А дело было так. Два добрых молодца, совершенно заурядных постсоветских гоблина, возвращались домой с шестимесячной ратной службы по наведению конституционного порядка в какой-то скороспелой республике на индонезийском архипелаге. Ну знаете как это бывает: залежится у некоего Джона Буля на складе в какой-нибудь Оклахоме тонн триста просроченного тушняка, бежит он к другу-сенатору и давай его лоббировать. Друг-сенатор оставляет себе один чемодан, а из второго лоббирует еще десять сенаторов. Те садятся на телефон и обзванивают своих знакомых мистеров, мол, Билл, у тебя там шприцов некондиционных целый ангар был? Фрэнки, старина, а у тебя, кажется, двести вагонов сельхозных удобрений сгнило? Есть шанс сделать неплохой гешефт! Надо только нас пролоббировать чуток... Это все, если кто не знает, красивым словом "демократия" называется.
Дело техники: раздуть пожар какой-нибудь революции в отдельно взятой банановой республике не так уж сложно, Никита Сергеич на Карибах это очень наглядно доказал в конце 50х годов. Ну а дальше все по накатанному сценарию: голубые каски, гуманитарные "Геркулесы" с аббревиатурой UN в треть высоты фюзеляжа и лежалый тушняк оклахомского концерна "Буль и его сукины сыновья". Всем хорошо, все счастливы, а двое русских джентльменов удачи летят домой, вдоволь наигравшись в войнушку, с полными карманами баксов и полными сумками сувениров семье: голубыми ооновскими бейсболками, папуасскими бусами и ожерельями из ушей поверженных нарушителей комендантского часа.
Летят они, и заносит их безжалостное расписание рейсов в город-герой Бангкок.

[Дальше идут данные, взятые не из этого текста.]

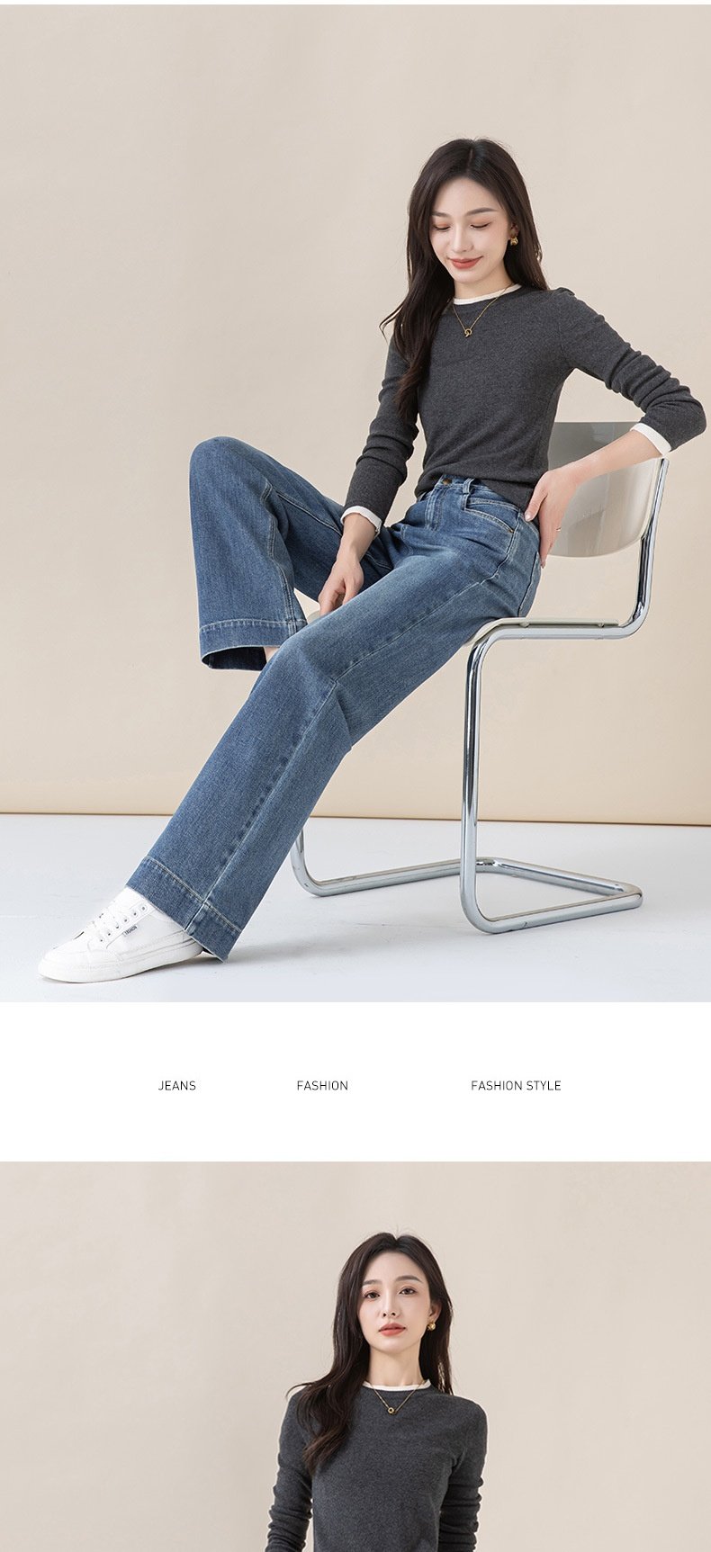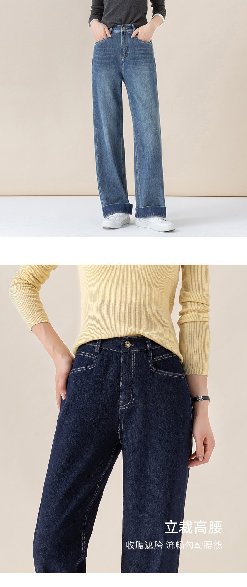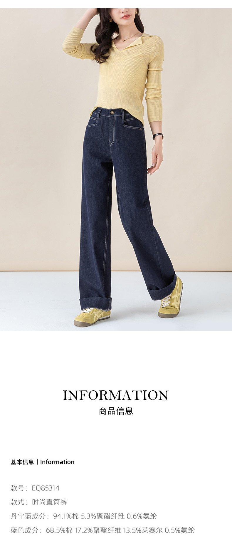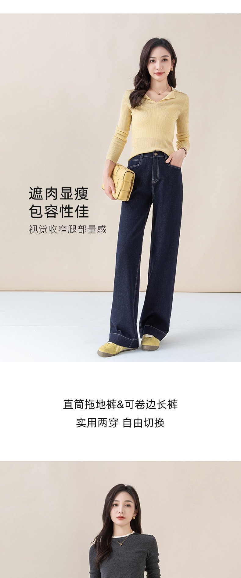 「高货xg」全新升级【铂金会员165/天猫219/差价54】(22258)洛诗琳气质丹宁蓝宽松垂感窄版阔腿裤2025秋冬小个子直筒牛仔裤

Город-сказка. Город-мечта. И нестерпимое жжение ляжек у обоих, ибо сошлись в одной точке три вечных демона: деньги, рестораны и желание выпить.
Переглянулись пацаны и решили вкусить красивой жизни. Ловят такси и, мешая язык Байрона с языком Ерофеева, пытаются объяснить аборигену, что им нужен самый дорогой ресторан этого города. Абориген слушает, злокозненно по-азиатски улыбается и на чистом русском языке произносит бессмертную гагаринскую мантру. Едут. Приехали. Вышли. Швейцар морщится, но под могучим напором двух русских душ уступает. Шикарный зал. Узкоглазый мэтр в белых перчатках приносит охапку галстуков: "у нас так принято, сэры". Мартышкообразный официант долго врубается во фразу "We'd like two bottles of Cognac... Ну, коньяк, бл@дь, понимаешь ты или нет? Ararat, там, Bely Aist, Napoleon, Hennesy... Йес, йес, two bottles! Да two, я тебе сказал. И пожрать... To eat something... Тока это... Something horrorely expensive, delicious, and какую-нибудь вашу eбучую экзотику! Неси давай!". Врубается, чирикает ручкой в блокнотике и галопом несется прочь.
Через полчаса наши друзья удовлетворенно распивают по первой (к ужасу мэтра пьют залпом, наполнив пузатые рюмки до краев). Бутылка с загадочной надписью "Courvouisier" на пузатом боку, одна из двух, пустеет на треть. Оценив темпы пития, друзья заказывают дополнительно бутылку водки и кувшин минеральной воды "to push that shit down".
После второй принесли жратву. Друзья в восторге: посреди стола стоит огромное блюдо, наполненное какой-то травой, а по окружности сего блюда ползает невероятных размеров белая личинка с черной головой и оставляет за собой равномерный слой желтоватой слизи. "А чо, она живая, да?" - Один из друзей неопределенно пишет пальцем круг в воздухе. Официант радостно кивает, неопределенно машет рукой в сторону кухни и виновато щелкает себя пальцем по запястью. "Ладно, иди, раз занят..." Друзья чокаются, выпивают, берут вилки, ножи и профессионально, помогая друг другу, отделяют черную волосатую голову червя от белой сосиски туловища. Голова продолжает судорожно шевелить волосами и зловещего вида челюстями. "Смотри, сука, а мы будем есть!" один из друзей ловко укладывает голову червя на гору травы, второй жестами опытного хирурга режет толстую белую сосиску аккуратными тонкими ломтиками.
Сожрав червя и половину горы немилосердно горчащей травы, друзья забивают рвотный рефлекс остатками коньяка, сыто откидываются на спинки стульев и тут замечают, что атмосфера в зале неуловимо изменилась. Как-то уж больно мэтр побледнел и трясется. И шеф-повар почему-то выскочил с кухни и в обморок упал. И амбалы в смокингах у входной двери напряглись. И три официанта вокруг столика бегают и нервно кричат по-заячьи. И полиция почему-то приехала.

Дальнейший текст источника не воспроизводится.